Characteristics of study participants

The current analysis includes 1,275 prostate cancer cases [1,131 (88.7 %) localized, 141 (11.1 %) locally advanced, 3 (0.24 %) missing stage; 887 (69.6 %) low grade, 385 (30.2 %) high grade, 3 (0.24 %) missing grade], and 2,062 controls that have at least one available SNP. 39.3 % of participants had data available on all SNPs, and 43 % were missing data on three or fewer SNPs. No man was missing more than 10 SNPs. Of these, 926 cases and 872 controls had an available 25(OH)D measurement and 779 cases and 737 controls had an available 1,25(OH)2D measurement (Fig. 2). The mean age of cases was 62.6 years and of controls was 61.7 years. As expected, the mean PSA level in cases was higher than in controls (9.5 vs 1.0 ng/mL). There were no substantial differences in baseline characteristics between cases and controls, except that more cases had a family history of prostate cancer versus controls (8.2 vs 5.6 %) and more cases had a normal (18.5–25) BMI (30.1 vs 25.5 %). Of the 99.3 % of subjects, who had recorded ethnicity, 98.9 % self-identified as white.

Fig. 2.

Fig. 2

Flowchart describing the case–control selection for inclusion in this analysis

The mean (SD) 25(OH)D concentration in cases was 23.7 ng mL (8.7) and in controls was 23.5 ng/mL (8.7) (p for difference = 0.62). The mean (SD) 1,25(OH)2D concentration in cases was 40.6 pg.mL (18.4) and in controls was 40.9 pg/mL (18.1) (p for difference = 0.74). There were no differences between mean storage times of blood samples between cases and controls. Only VDR SNP rs7975232 was out of Hardy–Weinberg equilibrium in controls (p = 0.01).
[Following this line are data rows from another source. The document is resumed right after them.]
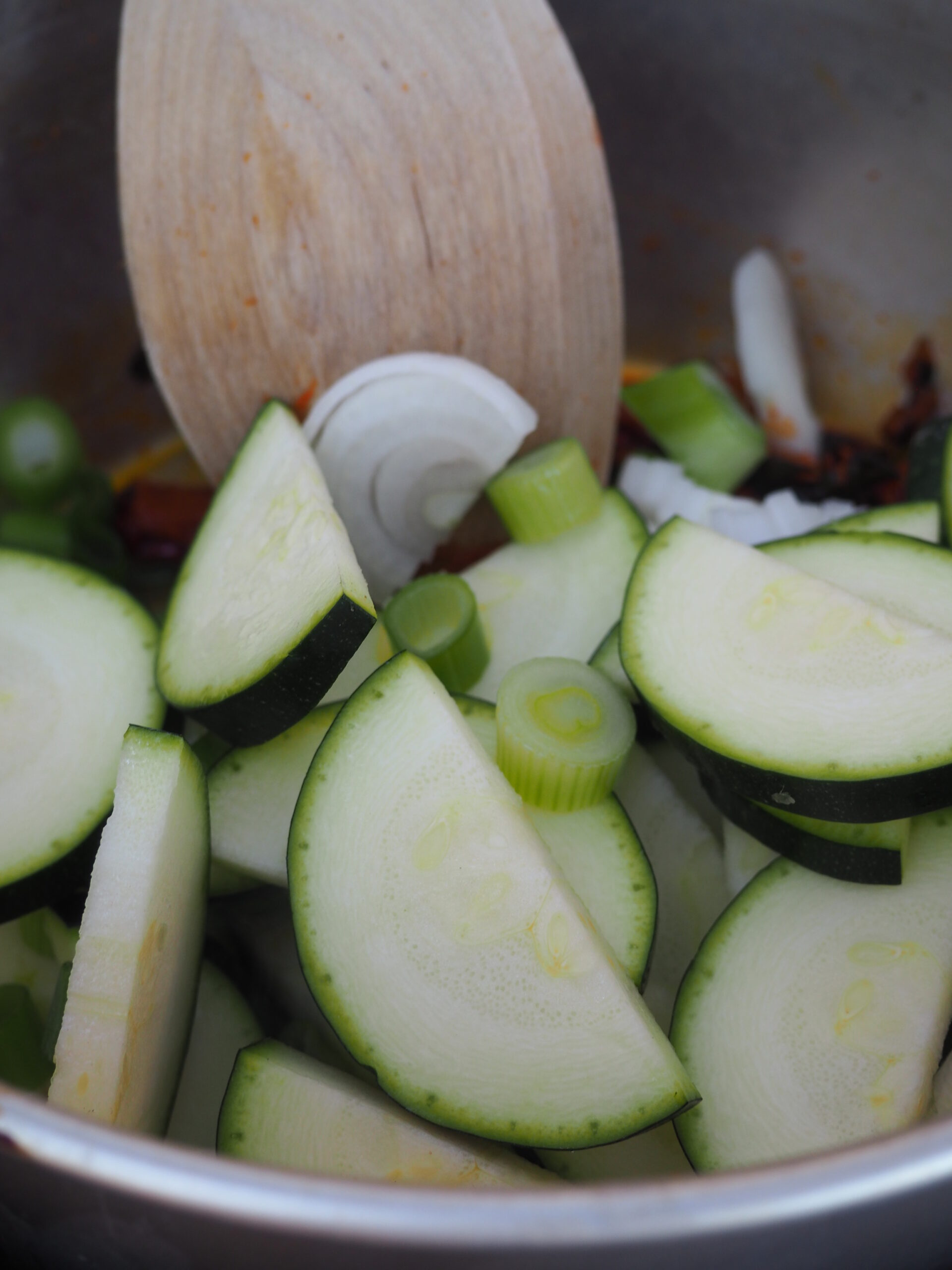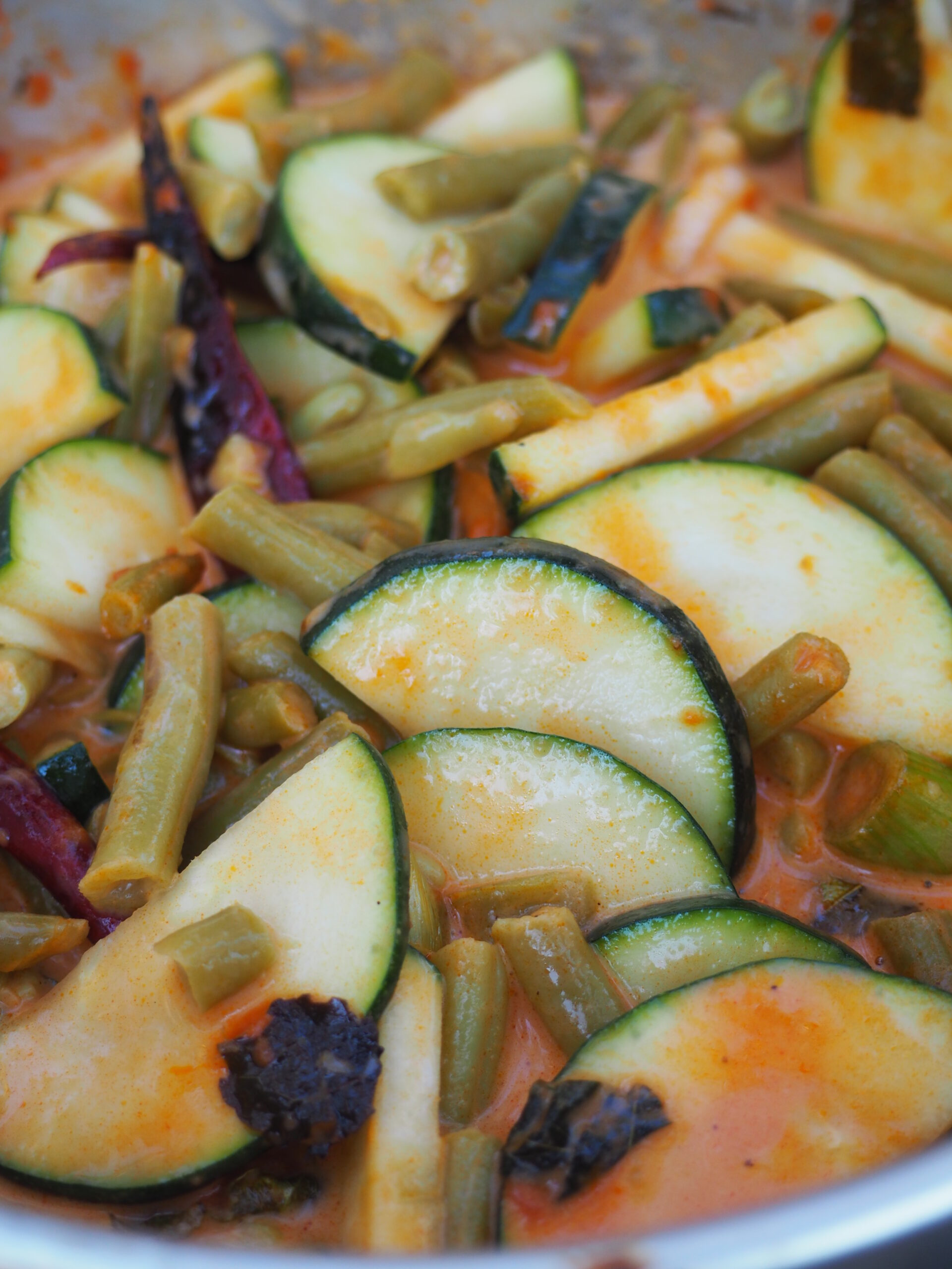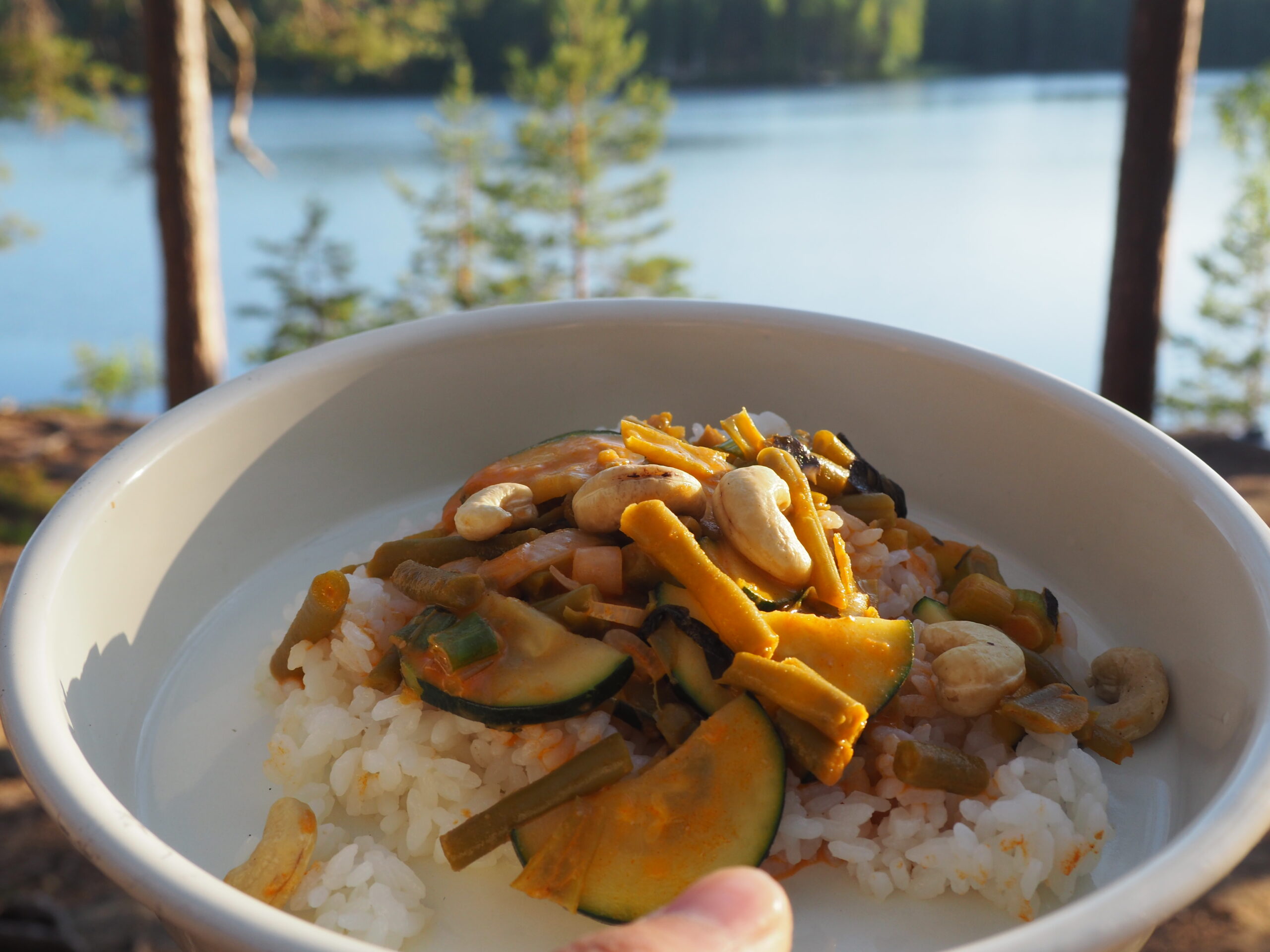キャンプ2日目の夜はレッドカレー!湖の水でキャンプご飯を炊いて、スパイスからカレーを作りました。缶のいんげん豆、ズッキーニ、玉ねぎのベジタリアンカレー。カシューナッツを添えてもぐもぐ。
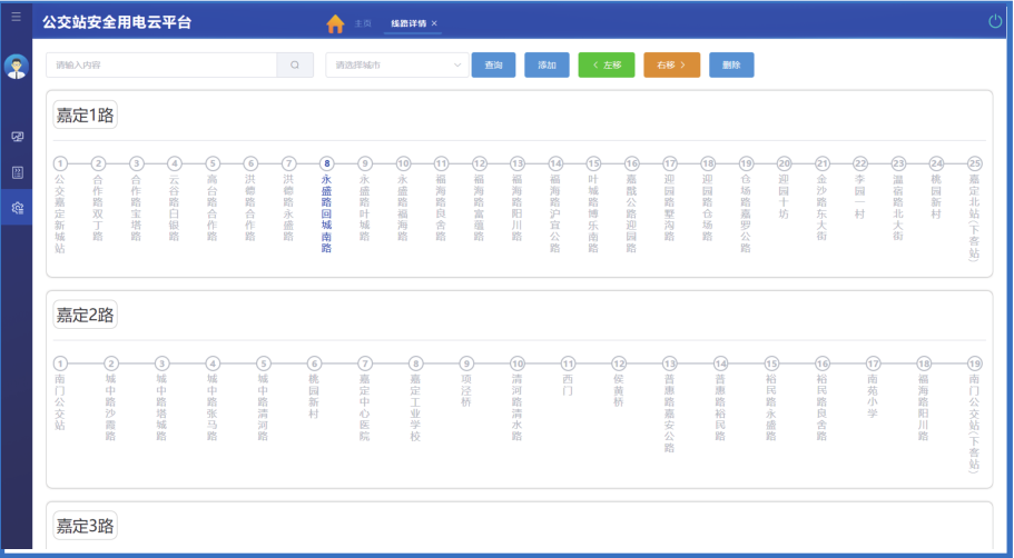 系統提供各類基礎資料配置接口,用戶可根據項目實際情況對城市、公交線路、公交站、用戶等信息進行配置;
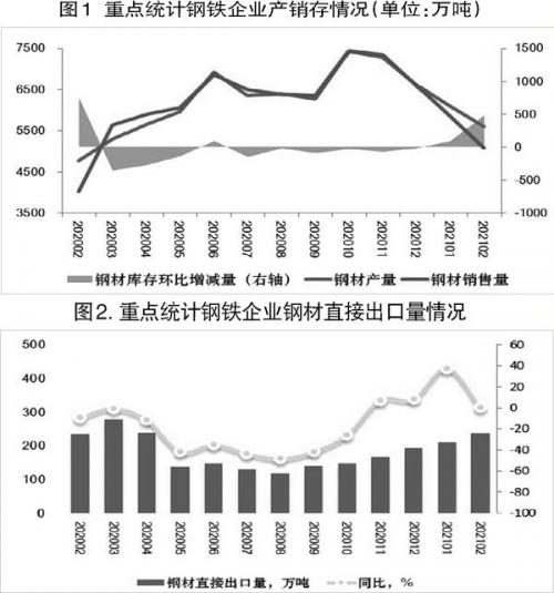 上述统计数据表明:重点统计钢铁企业2月份钢材生产、销售同比大幅增长,说明钢材市场明显好于去年疫情期间水平。2月份日产环比上升、日销环比下降,钢材产销率环比下降,受春节假期的影响,钢材国内市场需求下降,增产的钢材一部分转化为了库存。重点统计钢铁企业2月份钢材直接出口量同比增幅回落。
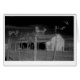 Photo infrarouge noir et blanc de bois de cerf et grange dans le ranch du Texas.
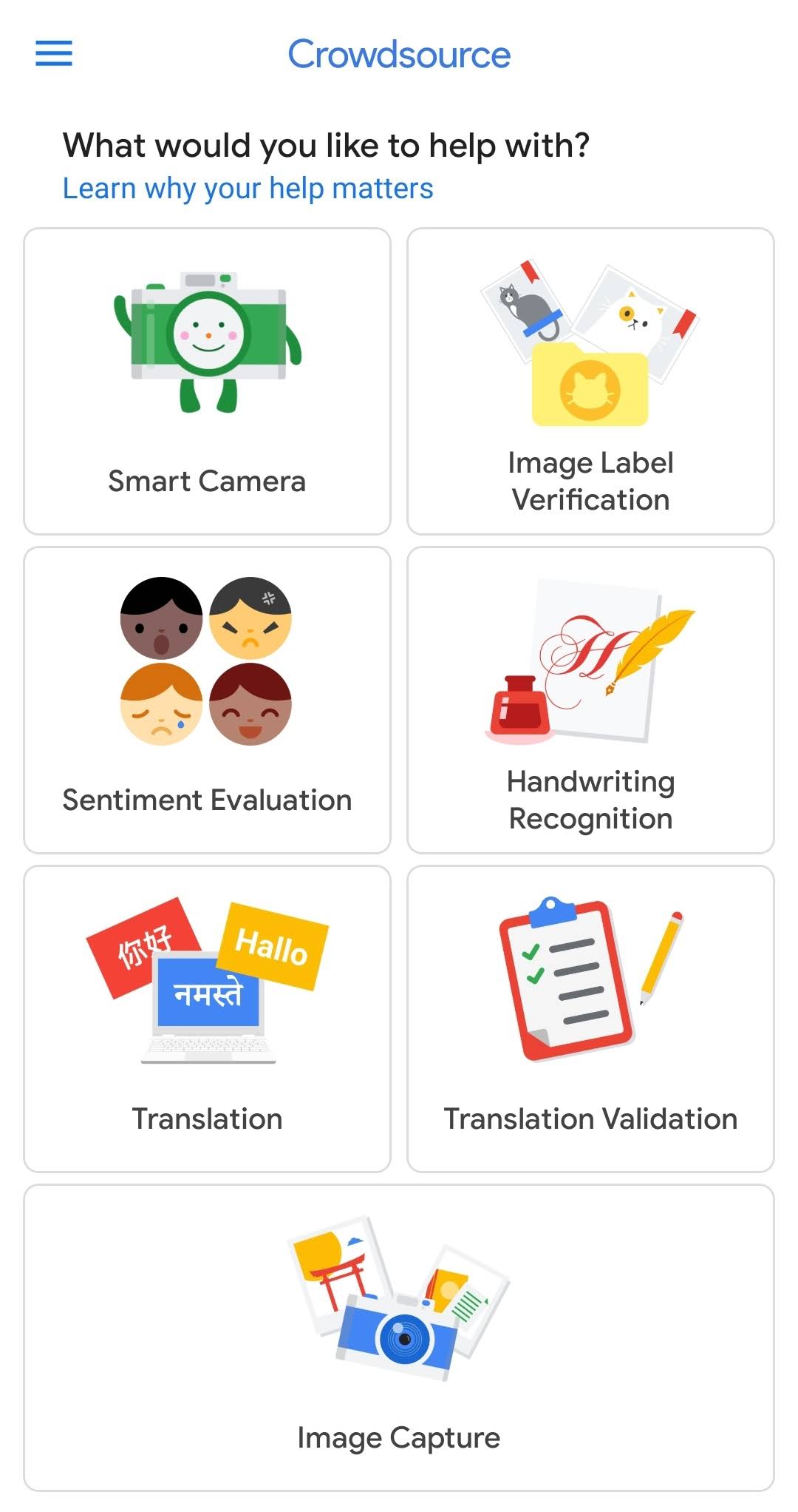 Google Crowdsource คือ แอพที่สร้างขึ้นมาเพื่อขอให้ User จากทั่วโลก ที่มาจากหลากหลายเชื้อชาติ หลากหลายภาษา มาช่วยกันปรับปรุงฐานข้อมูลด้าน Machine Learning เพื่อพัฒนา Product ต่างๆของ Google ไม่ว่าจะเป็น Google Photos, Google Maps, Google Translate และอื่นๆอีกมากมาย ให้ตอบสนองการผู้ใช้งานได้ดียิ่งขึ้น
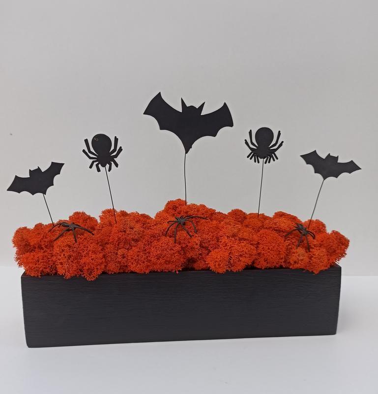 Декор до хеловіну хеллоуїну. чорне кашпо з оранжевим мохом та кажанами
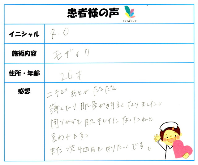 ニキビあとがだんだん薄くなり肌色が明るくなりました。周りからも肌キレイになったねと言われます。また次4回目もやりたいです。
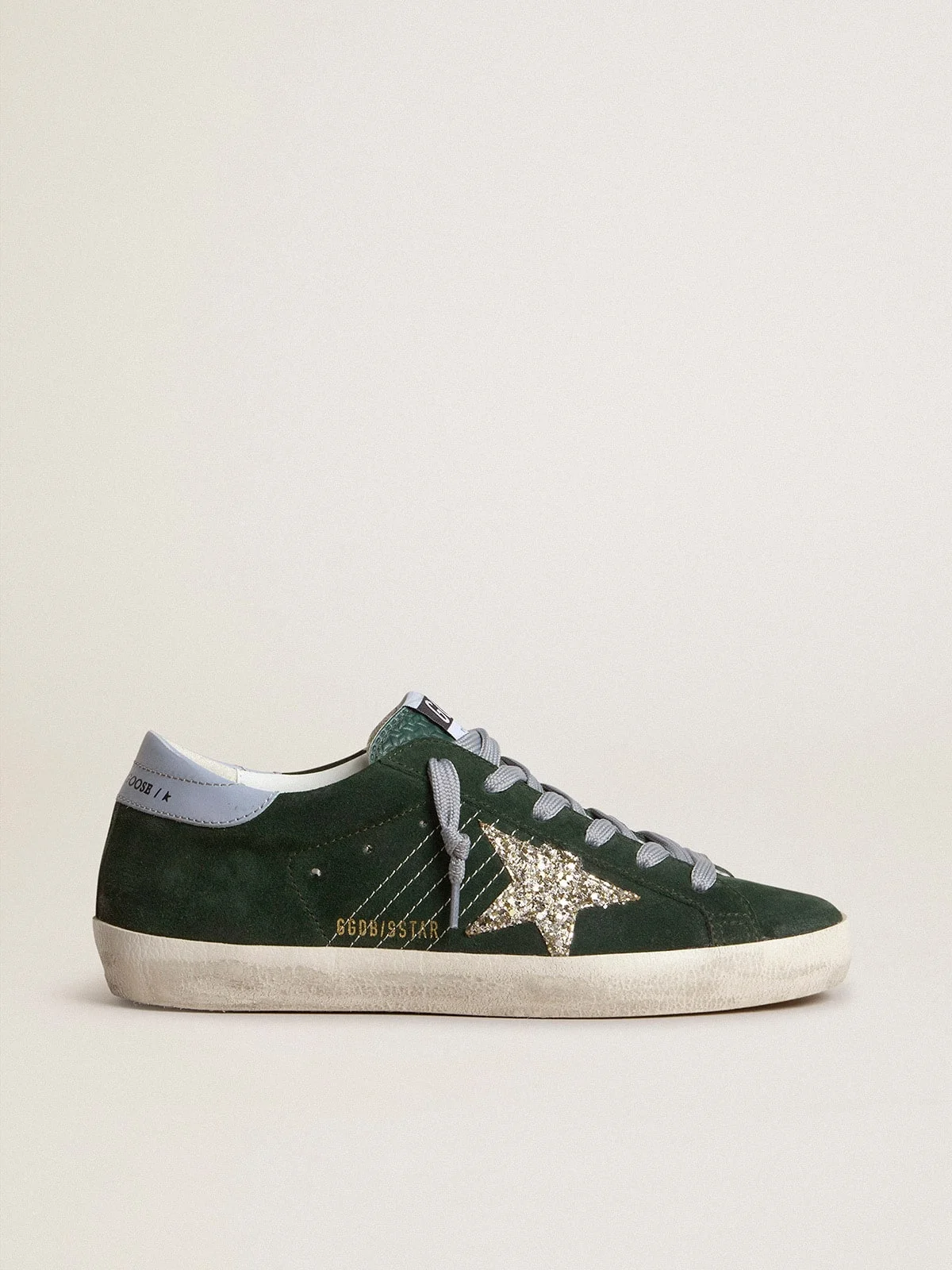 A timeless icon yet one that’s constantly evolving. At Golden, we love taking our classics and reworking them all the time, always from a new angle. With a forest green suede upper, these women’s Super-Star feature a silver glitter star and ice-gray leather heel tab. Gray laces add the finishing touch. DETAILS Item No. GWF00101.F007200.35923 - Green suede upper - Silver glitter star - Gray leather heel tab - Gray laces - Vintage finish - Upper: 80% cow leather, 9% polyurethane, 8% nylon, 2% polyethylene terephthalate, 1% cotton - Lining: 41% cotton, 31% cow leather, 18% polyurethane, 6% polyester, 4% viscose - Sole: 100% rubber - Handmade - Made in Italy
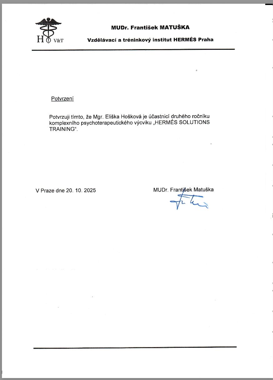 Paní Hošková je velmi empatická a lidská. Od první schůzky jsem se cítila pohodlně a otevřeně. Člověk na správném místě :-)
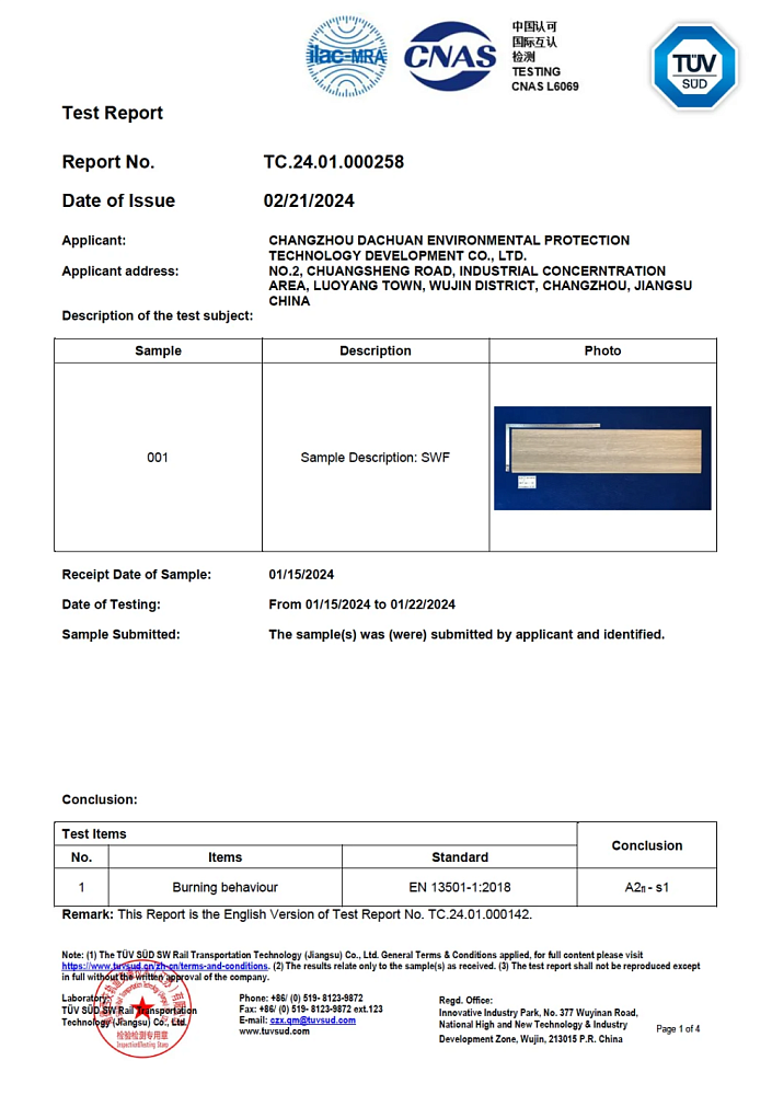Высший класс огнестойкости по европейскому стандарту EN 13501-1. Покрытие не поддерживает горение и выделяет минимум дыма — подтверждено лабораторией TÜV SÜD
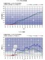 今冬の累計降雪量と今冬の積雪のグラフです雪

Vitamin D pathway SNPs and covariates

For the most part, there was no evidence of associations between vitamin D pathway SNPS and the covariates (data not shown). There was evidence of an association of VDBP rs4588-A with BMI (p = 0.01), CYP27B1 rs703842-G with smoking status (p = 0.02), diabetes (p = 0.01) and social class (p = 0.01) and CY27B1 rs10877012-T with smoking status (p = 0.01), and diabetes (p = 0.01). These associations are possibly due to chance as we carried out multiple tests, i.e., we tested 16 SNPs against eight covariates.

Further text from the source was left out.